*** MATERIAL SUPPLIED Section Begins ***

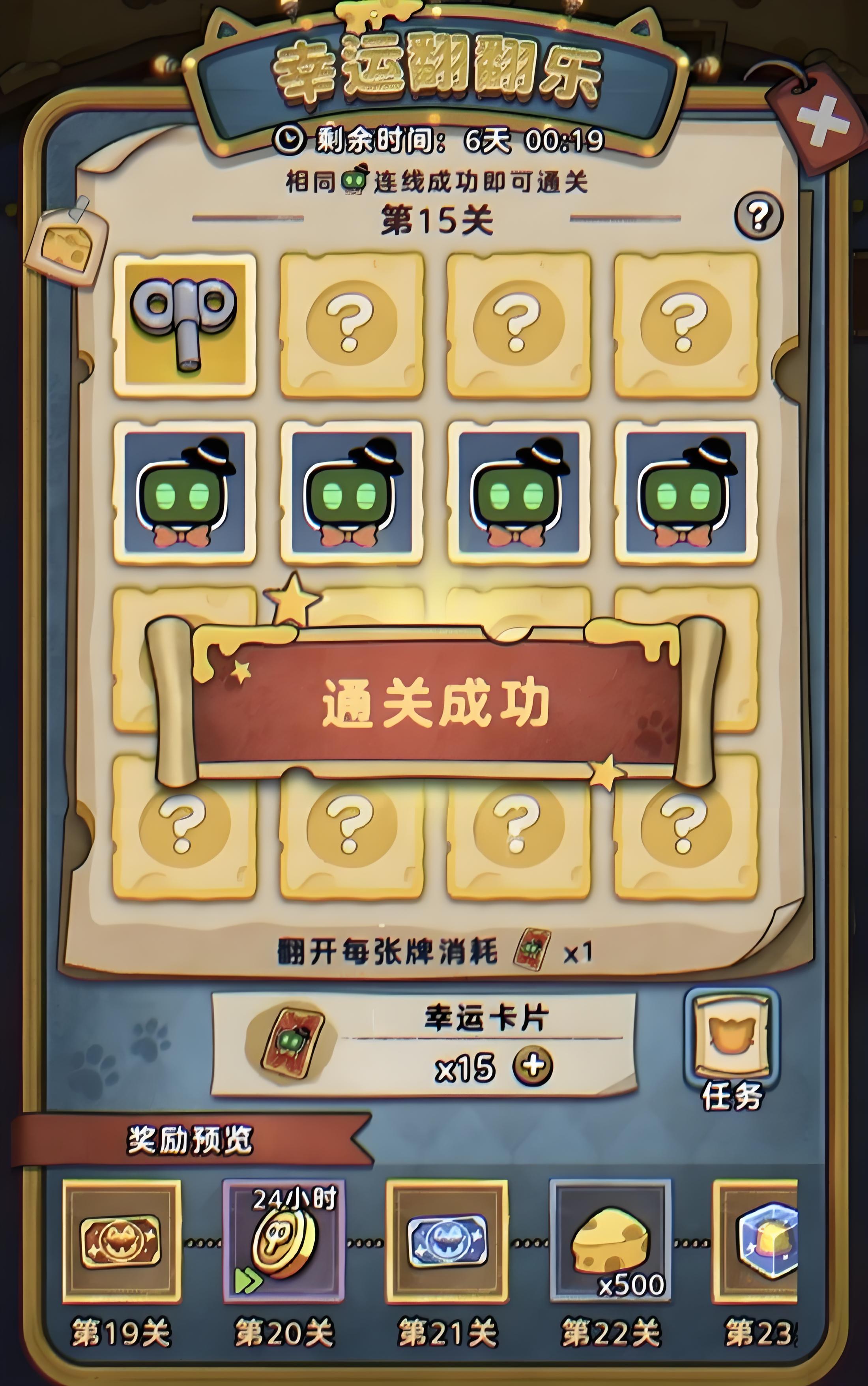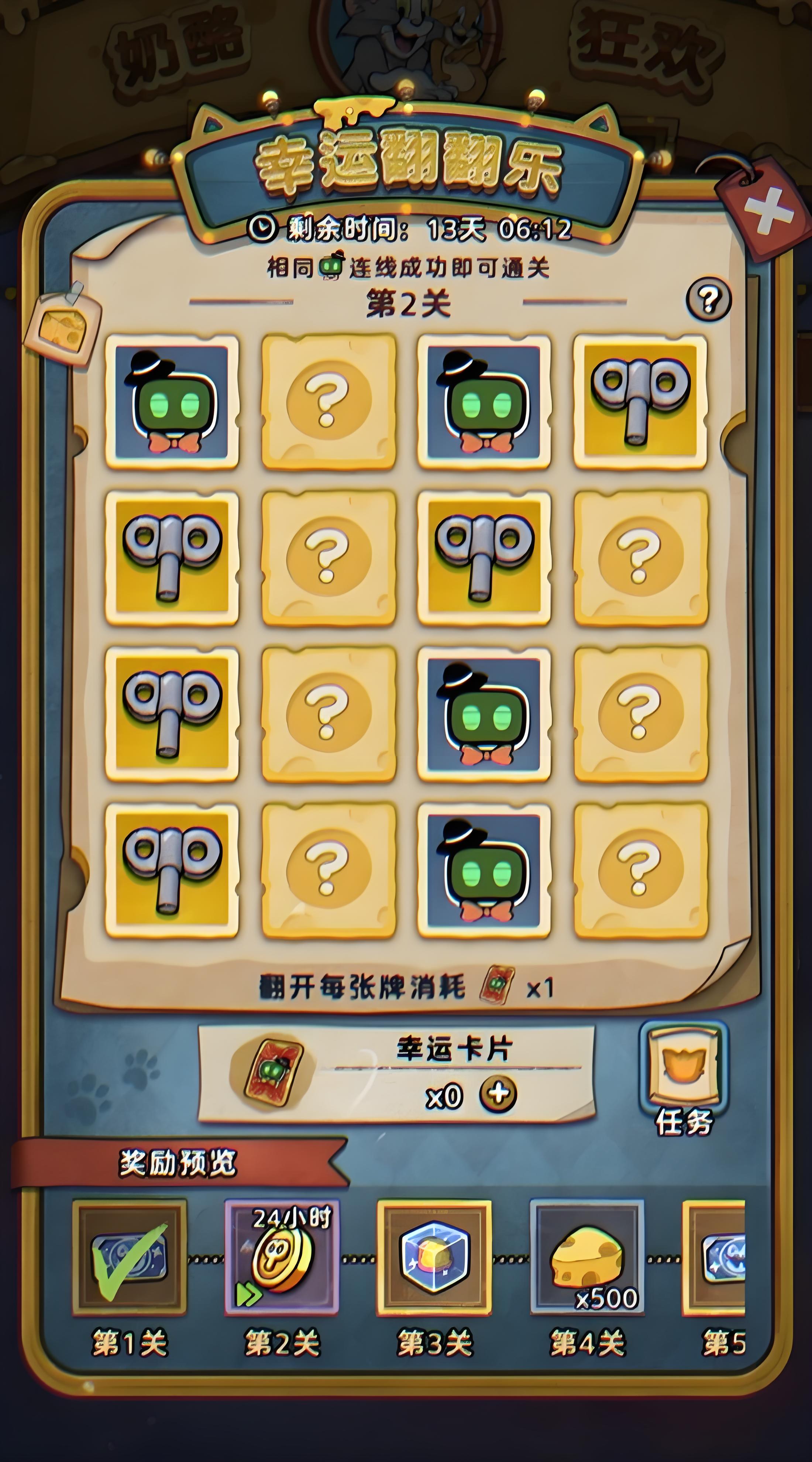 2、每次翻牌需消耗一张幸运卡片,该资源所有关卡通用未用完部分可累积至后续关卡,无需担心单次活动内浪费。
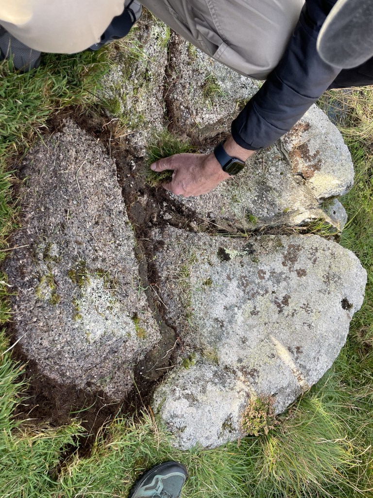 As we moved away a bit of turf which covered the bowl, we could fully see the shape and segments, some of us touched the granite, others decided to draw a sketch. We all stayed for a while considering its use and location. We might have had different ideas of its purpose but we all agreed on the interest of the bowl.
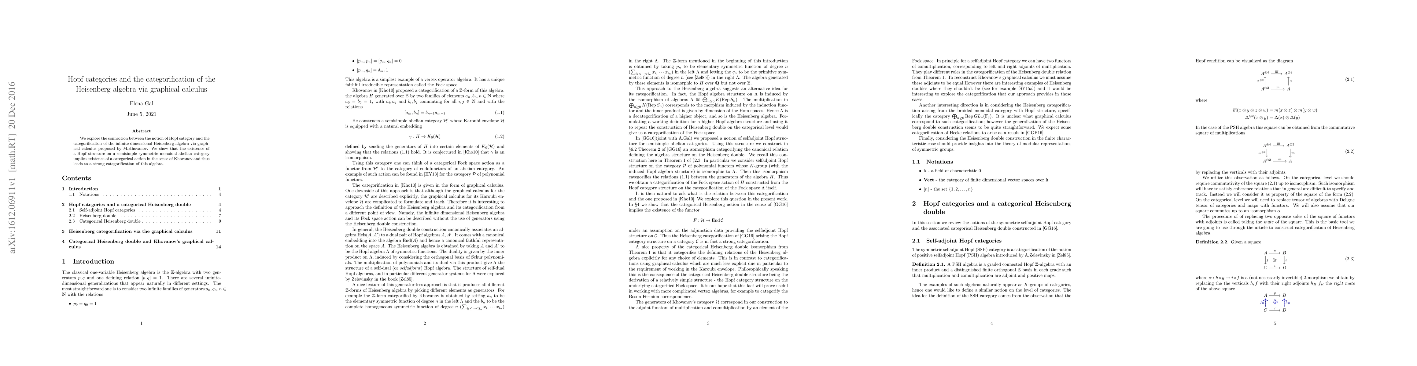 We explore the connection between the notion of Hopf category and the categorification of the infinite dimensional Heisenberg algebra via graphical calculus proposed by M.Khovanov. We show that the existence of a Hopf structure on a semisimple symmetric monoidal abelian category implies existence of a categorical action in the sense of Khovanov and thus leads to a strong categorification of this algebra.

*** MATERIAL SUPPLIED Section Ends ***
*** MATERIAL SUPPLIED Section Begins ***

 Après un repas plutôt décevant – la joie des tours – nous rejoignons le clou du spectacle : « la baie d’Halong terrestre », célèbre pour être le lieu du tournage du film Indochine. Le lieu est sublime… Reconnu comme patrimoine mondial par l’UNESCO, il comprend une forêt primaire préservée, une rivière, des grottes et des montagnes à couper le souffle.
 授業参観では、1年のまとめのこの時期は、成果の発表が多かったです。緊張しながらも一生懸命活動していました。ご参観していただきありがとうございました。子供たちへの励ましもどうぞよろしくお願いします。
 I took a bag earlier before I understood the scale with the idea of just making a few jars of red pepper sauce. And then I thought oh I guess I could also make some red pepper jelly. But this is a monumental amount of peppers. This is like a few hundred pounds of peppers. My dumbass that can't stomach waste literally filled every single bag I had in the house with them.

*** MATERIAL SUPPLIED Section Ends ***
*** MATERIAL SUPPLIED Section Begins ***

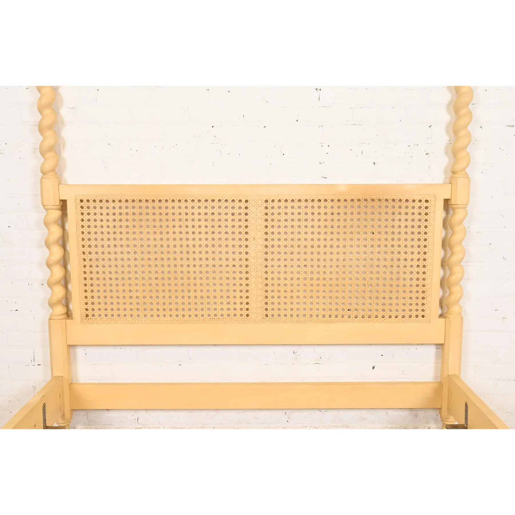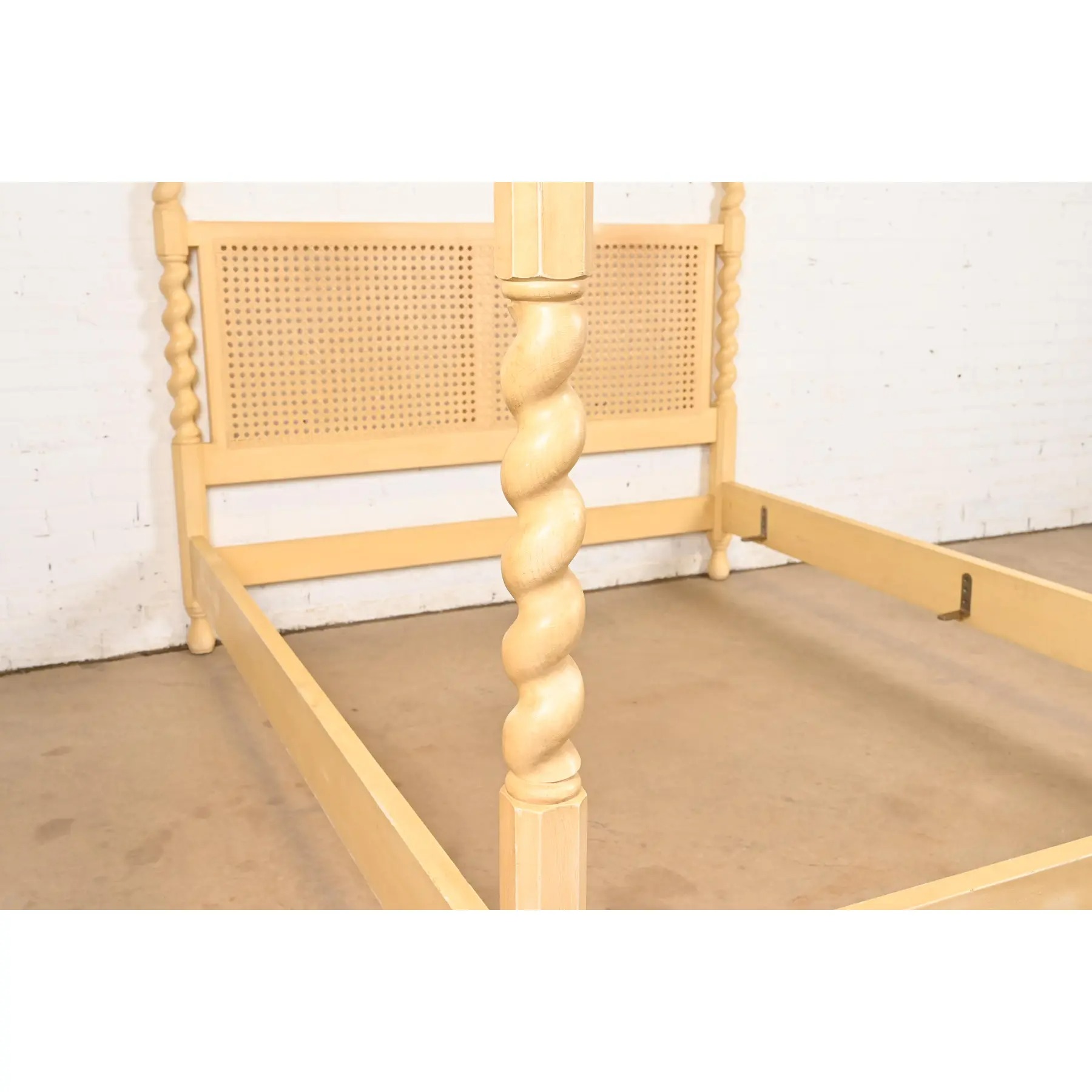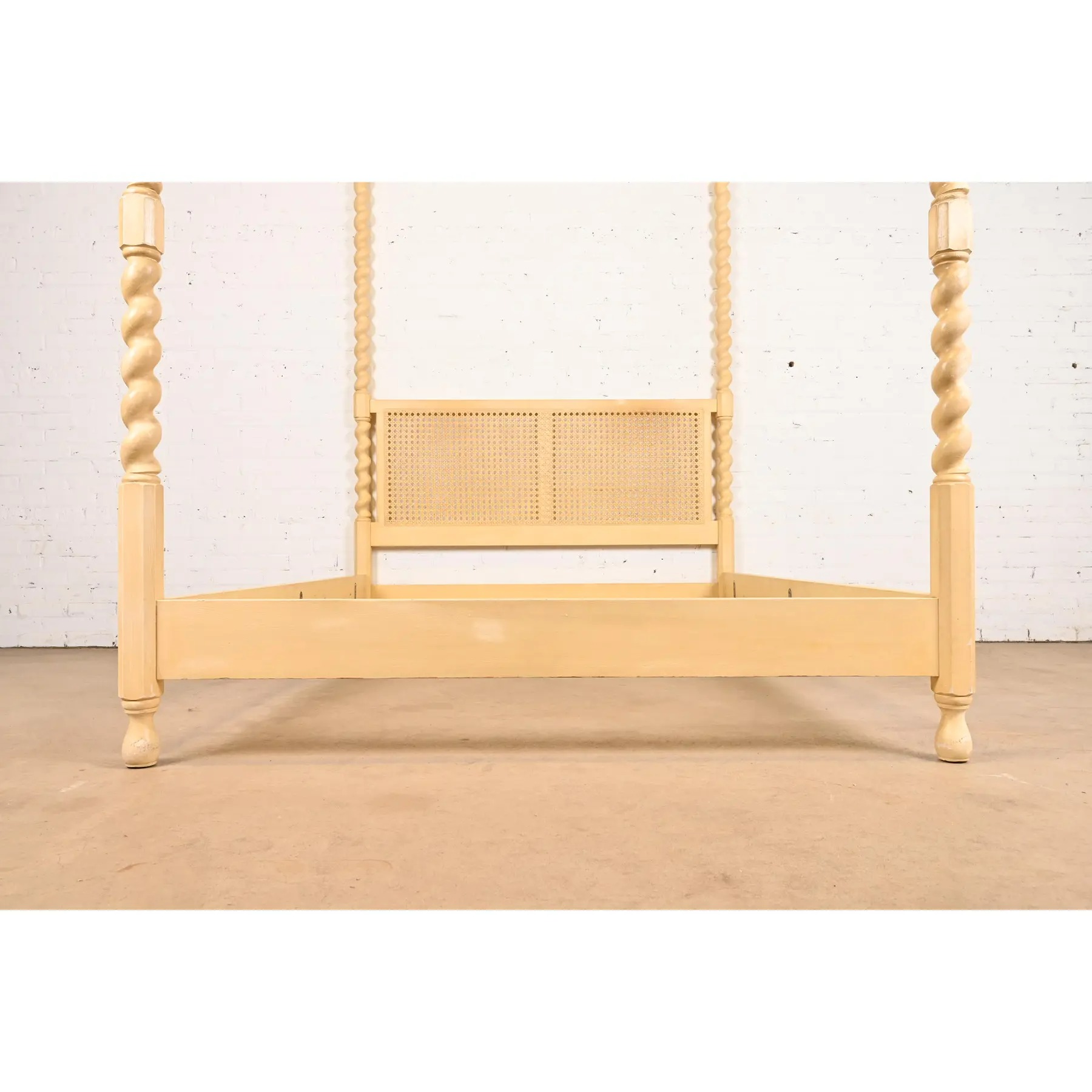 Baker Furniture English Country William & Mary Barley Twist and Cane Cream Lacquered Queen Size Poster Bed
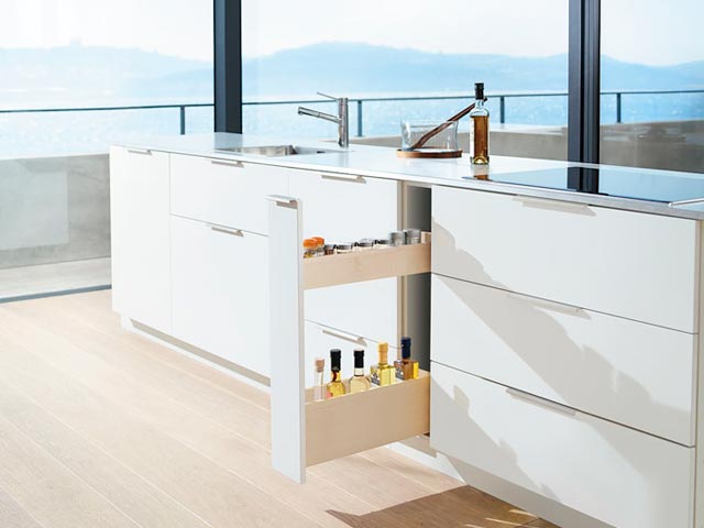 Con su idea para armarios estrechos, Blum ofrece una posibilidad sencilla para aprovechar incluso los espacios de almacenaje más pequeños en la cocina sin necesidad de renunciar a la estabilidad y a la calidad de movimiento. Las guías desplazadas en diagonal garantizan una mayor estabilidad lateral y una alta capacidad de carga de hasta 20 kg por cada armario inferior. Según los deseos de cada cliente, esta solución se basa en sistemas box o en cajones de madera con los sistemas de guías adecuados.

*** MATERIAL SUPPLIED Section Ends ***

= WORK INSTRUCTION =
Pictures excluded, transcribe the listing above exactly from the line with "2、每次翻牌需消耗一张幸运卡" through the line with "We explore the", and no further.

= YOUR SOLUTION =
 2、每次翻牌需消耗一张幸运卡片,该资源所有关卡通用未用完部分可累积至后续关卡,无需担心单次活动内浪费。
 As we moved away a bit of turf which covered the bowl, we could fully see the shape and segments, some of us touched the granite, others decided to draw a sketch. We all stayed for a while considering its use and location. We might have had different ideas of its purpose but we all agreed on the interest of the bowl.
 We explore the connection between the notion of Hopf category and the categorification of the infinite dimensional Heisenberg algebra via graphical calculus proposed by M.Khovanov. We show that the existence of a Hopf structure on a semisimple symmetric monoidal abelian category implies existence of a categorical action in the sense of Khovanov and thus leads to a strong categorification of this algebra.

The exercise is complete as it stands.